Go through the entries below and print each one exactly, leaving out pictures.
START Data listing
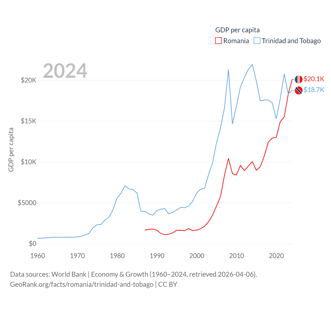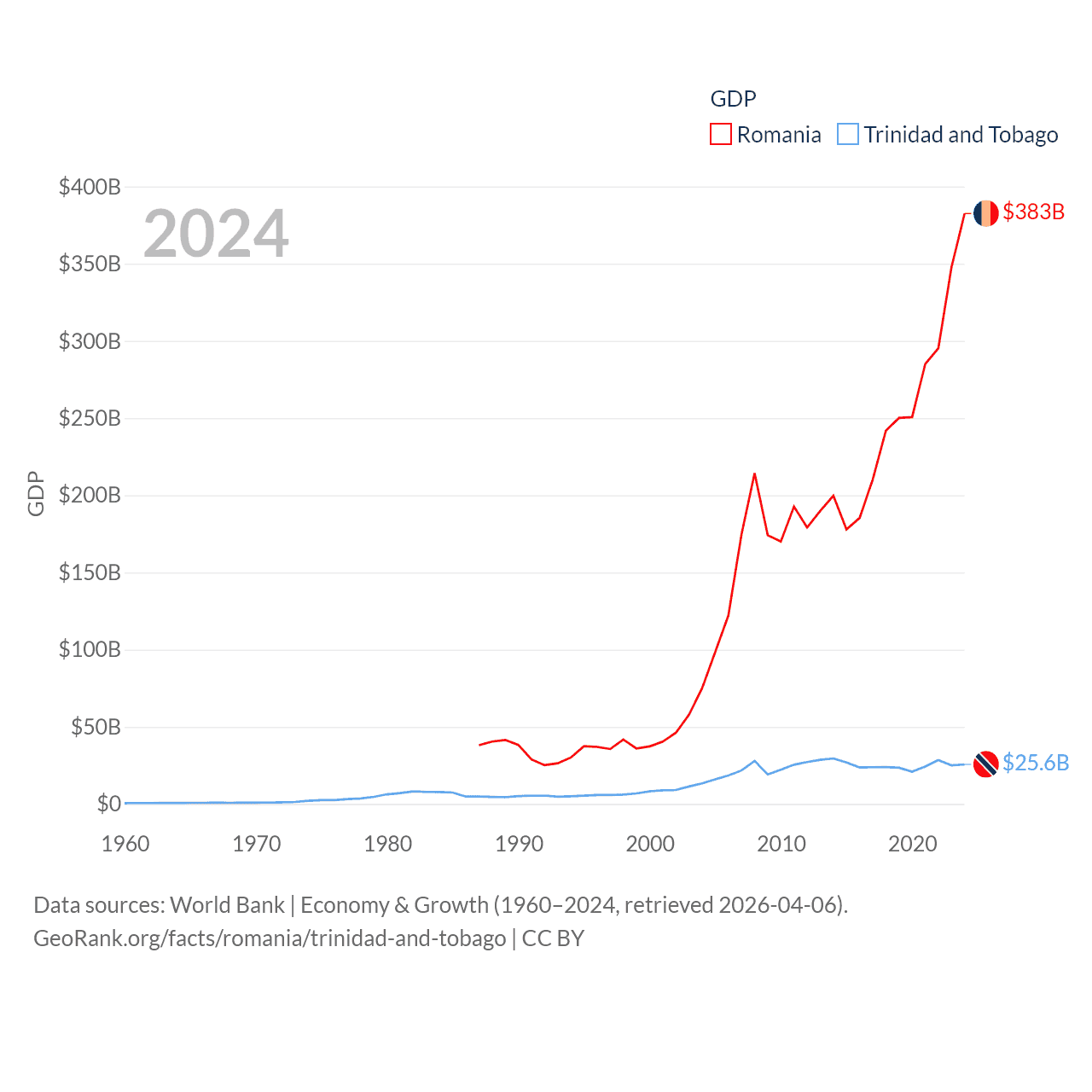 By GDP, Romania ranks 42/197 ($383B) and Trinidad and Tobago ranks 115/197 ($25.6B). By GDP per capita, Romania ranks 58/197 ($20,080), while Trinidad and Tobago ranks 61/197 ($18,733).
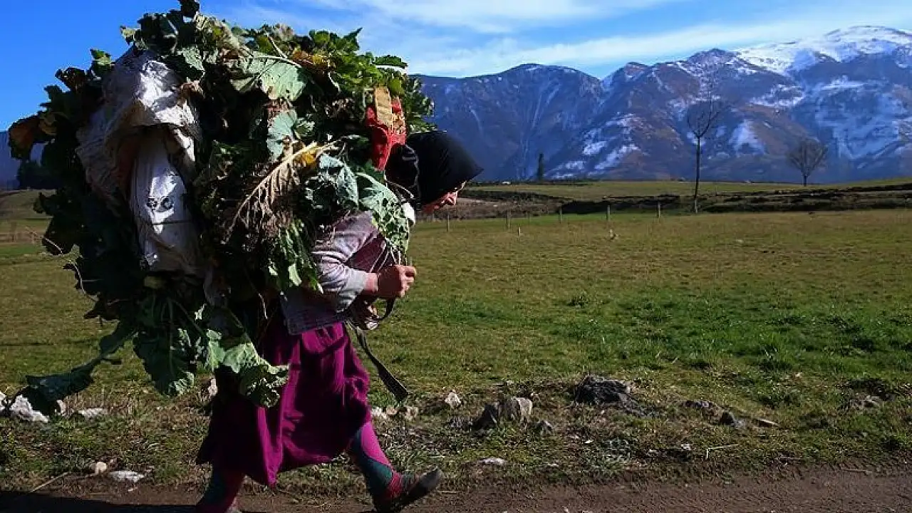 Arazide her dönem farklı işlerle uğraşan kadınlar, çayır kesiyor, lahana, patates dikiyor, mısır, fasulye ekiyor ve sırtında gübre ve onlarca yük taşıyor.
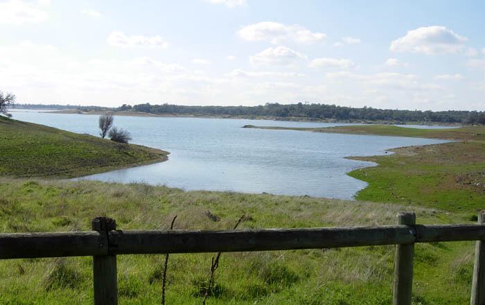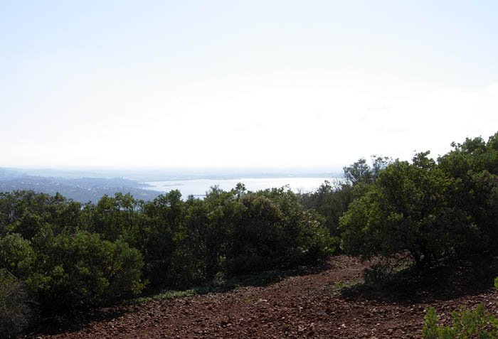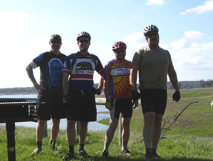 The obligatory "before" shot. (L-R: Kevin, Cris, Bob, Kip) Another "before" with the trail in the background At the top of Flagstaff Hill Nice view from the top "Two"? "Peace"? Or a fork in the trail?? More view From the Rattlesnake Bar Campground The lake was much higher than last time |
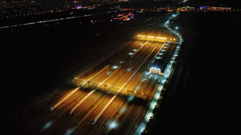交汇点讯 “D48道动车组准备进库,请各单位注意安全!”2月4日23时,室外气温跌至0℃,位于南通市崇川区幸福街道的南通动车运用所,一辆刚刚结束运载任务的CRH2型动车组缓缓驶入检修线,即将接受一场全面“体检”。
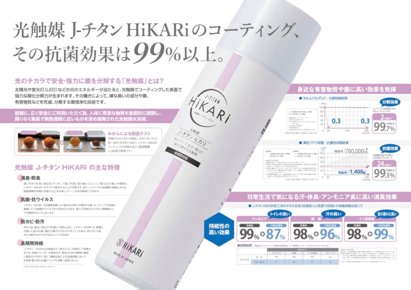 汗・体臭・アンモニア臭 臭い取り 消臭 光触媒 J-チタン HiKARi 抗菌コーティング 防カビ・防汚対策
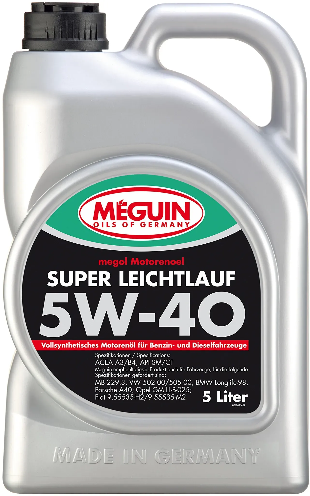 Kategorie: Motoröle - LIQUI MOLY - GTIN:4015838001255 - Spezifikationen/Freigaben: ACEA C3 | API CF/SN | Ford WSS-M2C 917-A | MB-Freigabe 229.31 | Porsche A40 | VW 505 00/505 01 Empfehlungen: BMW Longlife-04 (bis MJ 2018) | Fiat 9.55535-S2 | GM dexos2 | Renault RN 0700/RN 0710 ölart: Synthesetechnologie - 7,19 Euro bei Amazon Marketplace Automotive - gefunden von billiger.de Dieses 1-Liter-Angebot für Meguin Megol Super Leichtlauf 5W-40 ist eine gute Option für den kleinen Bedarf. ![]() ![]() Meguin megol - 5W-40 Super eBay Leichtlauf Motoröl vollsynthetisch 1 Liter VW BMW MB
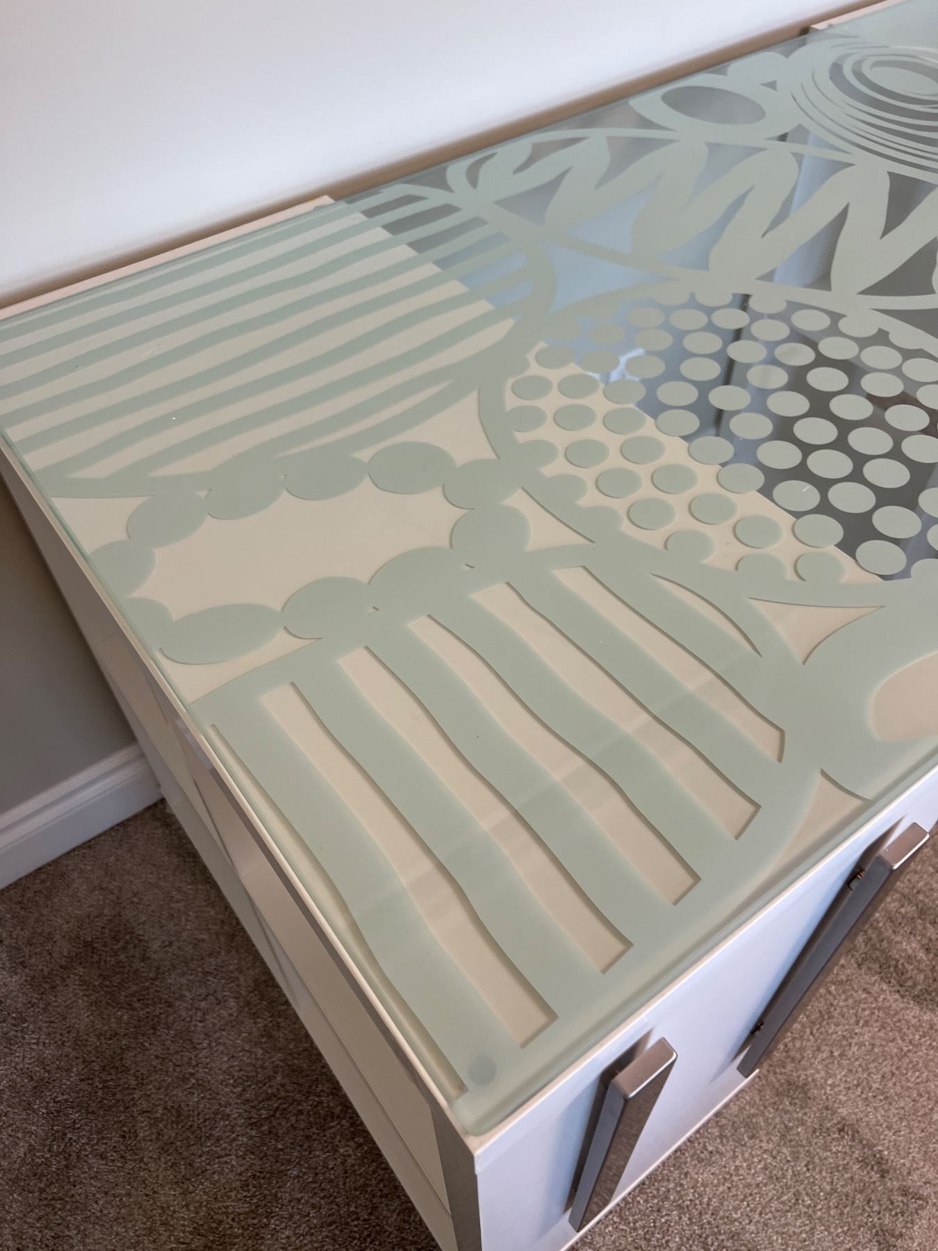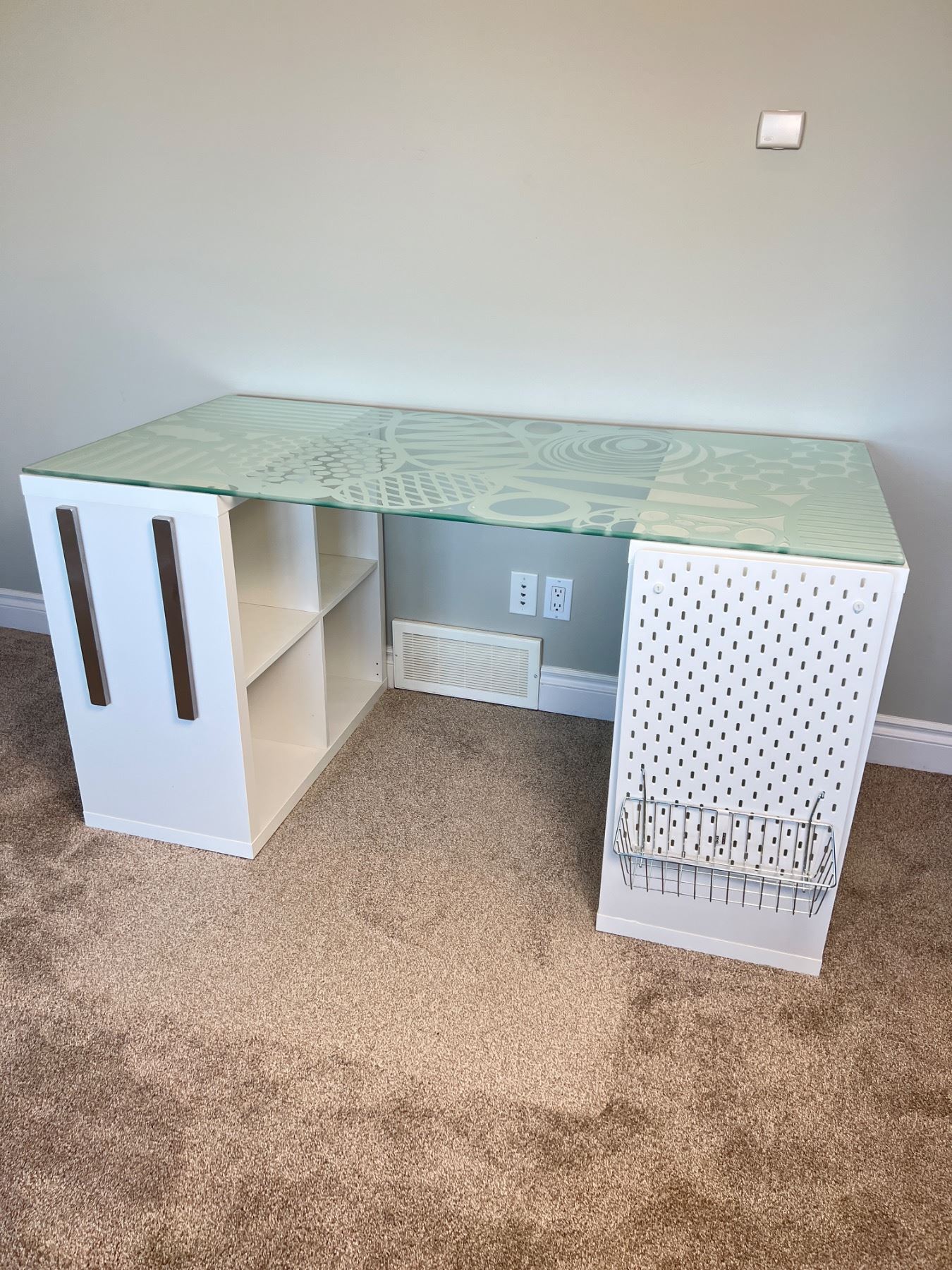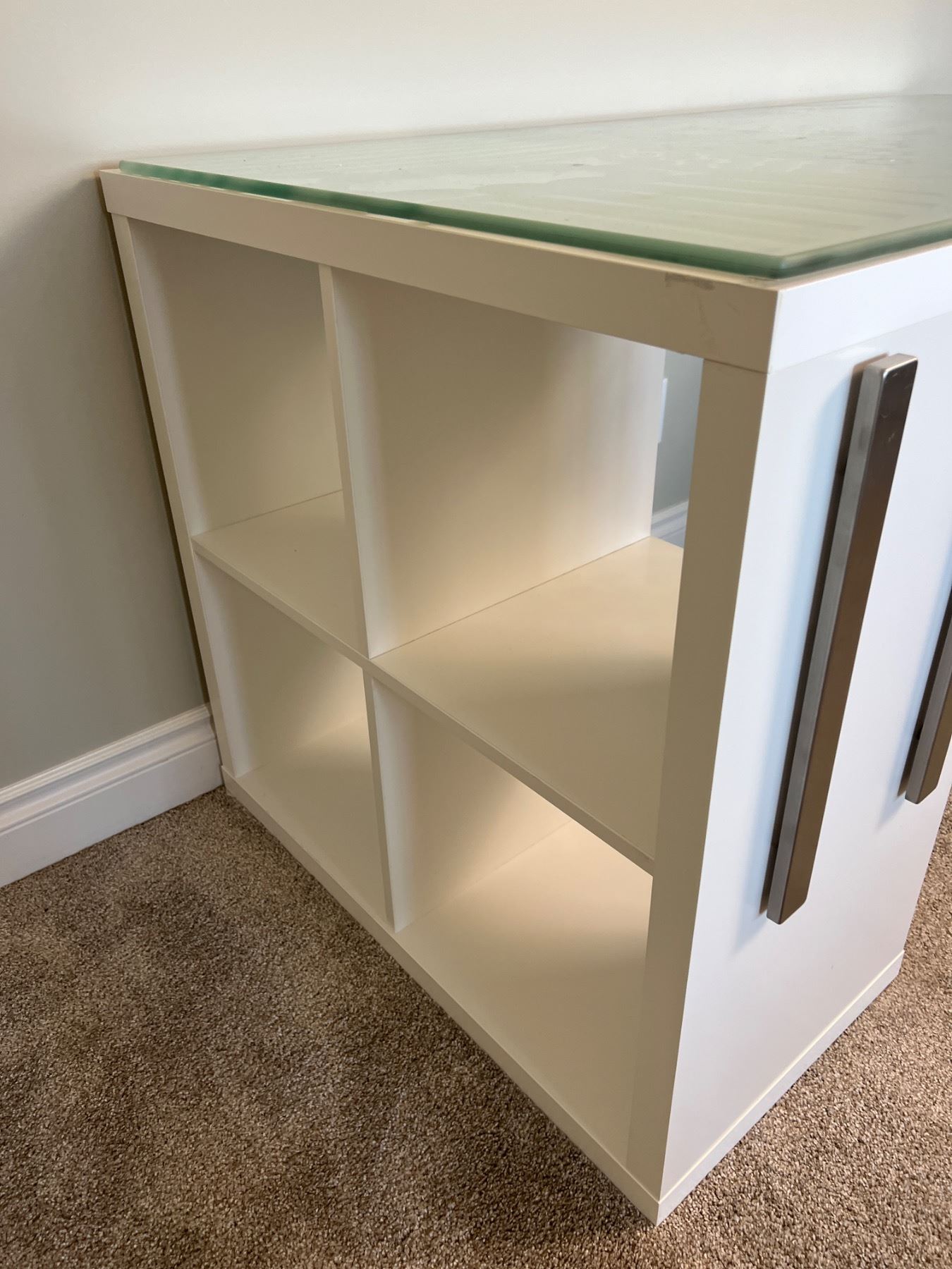 Can be taken apart into three pieces, the glass top is removable, measures 58.5"L x 31"W x 31"H
END Data listing
• [Result of this exercise]
 By GDP, Romania ranks 42/197 ($383B) and Trinidad and Tobago ranks 115/197 ($25.6B). By GDP per capita, Romania ranks 58/197 ($20,080), while Trinidad and Tobago ranks 61/197 ($18,733).
 Arazide her dönem farklı işlerle uğraşan kadınlar, çayır kesiyor, lahana, patates dikiyor, mısır, fasulye ekiyor ve sırtında gübre ve onlarca yük taşıyor.
 The obligatory "before" shot. (L-R: Kevin, Cris, Bob, Kip) Another "before" with the trail in the background At the top of Flagstaff Hill Nice view from the top "Two"? "Peace"? Or a fork in the trail?? More view From the Rattlesnake Bar Campground The lake was much higher than last time |
交汇点讯 “D48道动车组准备进库,请各单位注意安全!”2月4日23时,室外气温跌至0℃,位于南通市崇川区幸福街道的南通动车运用所,一辆刚刚结束运载任务的CRH2型动车组缓缓驶入检修线,即将接受一场全面“体检”。
 汗・体臭・アンモニア臭 臭い取り 消臭 光触媒 J-チタン HiKARi 抗菌コーティング 防カビ・防汚対策
 Kategorie: Motoröle - LIQUI MOLY - GTIN:4015838001255 - Spezifikationen/Freigaben: ACEA C3 | API CF/SN | Ford WSS-M2C 917-A | MB-Freigabe 229.31 | Porsche A40 | VW 505 00/505 01 Empfehlungen: BMW Longlife-04 (bis MJ 2018) | Fiat 9.55535-S2 | GM dexos2 | Renault RN 0700/RN 0710 ölart: Synthesetechnologie - 7,19 Euro bei Amazon Marketplace Automotive - gefunden von billiger.de Dieses 1-Liter-Angebot für Meguin Megol Super Leichtlauf 5W-40 ist eine gute Option für den kleinen Bedarf. ![]() ![]() Meguin megol - 5W-40 Super eBay Leichtlauf Motoröl vollsynthetisch 1 Liter VW BMW MB
 Can be taken apart into three pieces, the glass top is removable, measures 58.5"L x 31"W x 31"H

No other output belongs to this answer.